The Easter earthquake invites us into a new creation: a creation not ruled by what Paul calls “the principalities and powers” of this world but by a creation that serves as the living expression of God’s reign revealed in Jesus Christ that is becoming a reality on earth. In this new creation, the tomb does not signal the end of Jesus’ story but the beginning of the reign of his love, grace, justice, and peace. Paul declares the good news, “If anyone is in Christ, there is a new creation: everything old has passed away; see, everything has become new!” (2 Cor. 5:17). The Easter earthquake reverses the deadly, God-forsaken assumptions upon which far too much of our world and far too many of our lives operate. It invites us into a God-soaked world energized by the life-giving presence of the risen Christ.


The Easter earthquake 
shakes our assumptions about our own lives.

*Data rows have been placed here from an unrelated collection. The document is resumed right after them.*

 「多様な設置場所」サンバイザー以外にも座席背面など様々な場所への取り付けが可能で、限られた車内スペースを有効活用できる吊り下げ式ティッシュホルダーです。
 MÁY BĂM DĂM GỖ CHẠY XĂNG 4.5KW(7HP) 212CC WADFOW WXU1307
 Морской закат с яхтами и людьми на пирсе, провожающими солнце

There’s a wonderfully personal element in the way Jesus meets the women and says, “Greetings!” One translation says, “Good morning.” It reminds me of the way Australians say, “G’day!” or the British say, “Cheers!”

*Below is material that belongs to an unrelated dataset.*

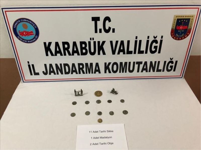 Edinilen bilgiye göre, Safranbolu ilçesine bağlı Aşağı Güney köyünde tarihi eser satışı yapılacağı yönünde istihbarı bilgi alan Jandarma İstihbarat ve KOM Şube ekipleri ile Toprakcuma Jandarma Karakol Komutanlığı ekiplerince ortak operasyon yaptı. Ekipler tarafından durdurulan otomobilde arama yapan ekiplerce gizlenmiş vaziyete Roma dönemine ait olduğu tahmin edilen 11 sikke ile bir adet madalyon ve 2 adet farklı figürler bulunan heykel ele geçirildi. Olayla ilgili olarak otomobil sürücüsü S.Ş ile araçta bulunan F.U ve Y.Y isimli 3 kişi gözaltına alındı.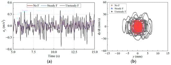 The lateral accelerations and phase portraits of the TC at the carbody rear end were extracted. In Figure 10a, the amplitude and trend under the conditions of no aerodynamic load and steady aerodynamic load are almost the same. When steady loads are applied, the lateral acceleration of the car body exhibits minimal deviation from the train without aerodynamic configuration. In this case, the lateral vibrations primarily result from the irregularities of the track, indicating that steady loads have a negligible impact. When unsteady aerodynamic loads are imposed, the lateral acceleration in the rear end of the car body experiences a significant increase. The maximum amplitudes of lateral accelerations at the rear end of the TC corresponding to the above three cases are 0.245 m/s2, 0.249 m/s2, and 0.526 m/s2, respectively; this shows that when unsteady aerodynamic loads are applied, the lateral acceleration oscillation amplitude and frequency of the rear end of the TC body increase significantly. It is more than 111.24% higher than the train without aerodynamic force. This severe vibration seriously affects the comfort of passengers and the safety of the journey.

The earthshaking promise of Easter is that God has not forsaken any of us. The risen Christ will meet us along the confused, chaotic, fearful paths of our lives and speak the same words the women hear at the tomb, “Do not be afraid.” Too often we build our lives on the bedrock of fear: fear of terrorism, fear for the economy, fear of people who are different from us, fear of anything politicians tell us to fear in order to maintain power, fear of rejection, fear of sickness, fear of death. But the Resurrection shatters the power of fear. Because Christ is risen we no longer allow fear to dominate, control, or manipulate us. We don’t remain imprisoned in the tombs of our past failures or buried under the weight of present anxiety. In the risen Christ old things pass away and everything becomes new.

The Easter earthquake 
shakes our assumptions about the world around us.

The stone-moving angel says, “[Jesus] is going ahead of you to Galilee; there you will see him” (Matt. 28:7). Galilee—their old world, the place they left behind when they first followed Jesus. Who wants to go back there? But Christ is already on the way to Galilee, and there they will see him.

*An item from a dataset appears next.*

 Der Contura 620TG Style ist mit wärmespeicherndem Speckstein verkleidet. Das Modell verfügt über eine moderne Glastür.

The Resurrection unhinges the assumption that this world is something we leave behind. Instead, Easter promises that what God does in the resurrection of Jesus is God’s intention for the entire creation. The Resurrection contradicts the assumption that Christ resides on an ethereal cloud in a distant heaven. Rather, we find him on the dusty road that leads to the real stuff of our ordinary world. If our eyes are open to see him, we can find him everywhere!

The Easter earthquake 
shakes our assumptions about death.

Matthew leaves no doubt that Jesus was dead. The rock-hewn tomb, the large stone at the door, Pilate’s guards, and the seal of the Roman Empire all confirm that fact. It takes nothing less than the infinite power of the Almighty God to shake the earth, break open the tomb, and raise Jesus from the dead. The gospel never promises that we will escape death. In fact, it says that in spite of our attempts to deny it, we will all die. None of us will get out of here alive. But Charles Wesley expressed the soul-shaking promise in his noted Easter hymn:

Soar we now where Christ has led,
Following our exalted Head.
Made like him, like him we rise,
Ours the cross, the grave, the skies. (UMH, no. 302)

In my sermon on the Easter Sunday after the death of one of my closest friends, I shared the story of the way his toddler grandson would come from his bedroom early in the morning, climb up into his grandfather’s lap, and whisper in his ear, “New day, Papa. New day.” Because of the Easter earthquake, tomorrow is never just another day. It’s as if the angel at the tomb says to all of us every morning, “New day, children. New day!”